As for general gotchas, it helps if the application you are refactoring can acknowledge that tasks are being handled asynchronously. If not, you will generally end up managing locks, and much of the performance you could have gained by using separate processes will be lost to waiting on those locks. I will also suggest that you spend the time to build some scaffolding for debugging across processes. Truly asynchronous processes tend to be doing much more than the mind can hold and verify -- or at least my mind!
For the specific case outlined, I would manage object identity at the process border when items queued and returned. When sending a task to be processed, annotate the task with an id(), and stash the task instance in a dictionary using the id() as the key. When the task is updated/completed, retrieve the exact task back by id() from the dictionary, and apply the newly updated state to it. Now the exact task, and therefore its identity, will be maintained.

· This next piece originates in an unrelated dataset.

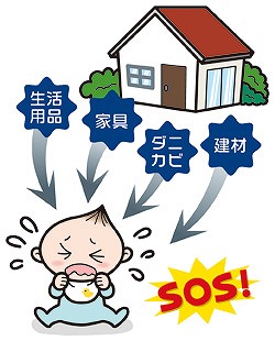 住宅に由来する健康障害の総称で倦怠感・めまい・頭痛・湿疹・のどの痛み・呼吸器疾患などの原因の一つとされています。

Well, of course testing for identity on non-singleton object (es. "a is None" or "a is False") isn't usually a good practice - it might be quick, but a really-quick workaround would be to exchange the "is" for the "==" test and use an incremental counter to define identity:
# this is not threadsafe.
class Message(object):
def _next_id():
i = 0
while True:
i += 1
yield i
_idgen = _next_id()
del _next_id
def __init__(self):
self.id = self._idgen.next()
def __eq__(self, other):
return (self.__class__ == other.__class__) and (self.id == other.id)
This might be an idea.
Also, be aware that if you have tons of "worker processes", memory consumption might be far greater than with a thread-based approach.
You can try the persistent package from my project GarlicSim. It's LGPL'ed.
http://github.com/cool-RR/GarlicSim/tree/development/garlicsim/garlicsim/misc/persistent/
(The main module in it is persistent.py)
I often use it like this:
# ...
self.identity = Persistent()
Then I have an identity that is preserved across processes.